The public part of 8 was all automats, even the sleeperies—no enterprising station freeshop types behind the counters, even for the minim shifts that Health & Rehab would let a stationer work on 8. It was robot territory, just stick your card in a slot and you got a sleepery room or a sandwich or the swill that passed here for bourbon whiskey: but that was all right for a start, everything was cheaper than helldeck and your whole sense of taste was off, anyway, for the first bit you got used to refinery air.
You found no luxury here that didn’t come out of an automatic dispenser, unless you were working for the company—in which case you saw a whole other class of accommodations, the adverts said: they said a whole lot better came out of the vending machines behind those doors—but Bird had never seen it. ‘Driver crew an
d Shepherds didn’t need the waystops that miners did—if they were up here they were slumming, on a 1-hour down from some business in the mast; but generally they went straight to helldeck, where big ship officers and tech crew had cushy little clubs and free booze, and Access with all sorts of perks on the company computers.
Adverts said you could get at least a sniff of those perks, even as a miner—if you let the company own your ship and provide your basics; but that meant the company could also decide when you were too old or you didn’t fit some profile, and then you were out, goodbye and good luck, while some green fool got your ship. God help you, too, if Mama decided you weren’t prime crew on that ship, and some company-assigned prime crew got shunted out to work tender-duty for three years at a ‘driver site—which effectively dumped all the relief crews back at the Refinery onto the no-perks basics, to do time-share in a plastics factory. Work for the company and you could fill in your time swabbing tanks in the chemicals division til you got too old, and then they set you down on retirement-perks and let you sweep floors in some company plant to earn your extras.
Hell, no. Not this old miner.
But a lot of years he had been coming back to 8, and he’d seen changes—or maybe he had felt livelier once upon a time. 8 these days echoed to footsteps, not to music and voices. The bright posters had all gone years ago, the month the company had gone over to paperless records-keeping. The company favored gray paint or institution green, except for pipes that came wrapped with hazard yellow and black.
You used to get the unofficial bills here too, the pasteups that would appear overnight—saying things like TOWNEY LIES and FREE PRATT & MARKS—Mama hadn’t liked those in the best days, nossir, the bills that said things like EQUAL ACCESS and the take-one flyers that used to give you the news the company wouldn’t.
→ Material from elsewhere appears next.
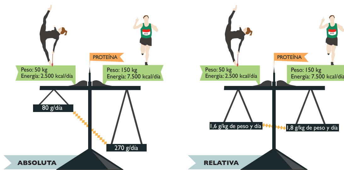
Figura 1. Ejemplo de ingesta absoluta y relativa de proteínas en deportistas

Como se ha mencionado anteriormente, desde el punto de vista del deporte y la competición, en algunas modalidades deportivas el peso corporal es un condicionante importante del rendimiento o de la propia participación. Deportes como el culturismo, la gimnasia artística o

They’d all gone. No paper.
You still found the old barred circle, you still found PEACE and FREE EMIGRATION scratched in restroom plastic, right alongside the stuff you could figure Neanderthals must’ve carved in Stone Age bathrooms—you found MINIM and RABRAD and SCREW THE CORP, along with other helpful suggestions in the toilets… far more frequent here than down on helldeck, he guessed because sanding down the panels in light g made a bitch of a lot of dust, and spray paint was as bad. Or maybe it was because Security didn’t come up here much and the ordinary maintenance crews were contributing to it too. So the crud and the slogans stayed in the bathrooms, not even covered by paint, while 8-deck got nastier and dirtier and showed its age like some miners he knew.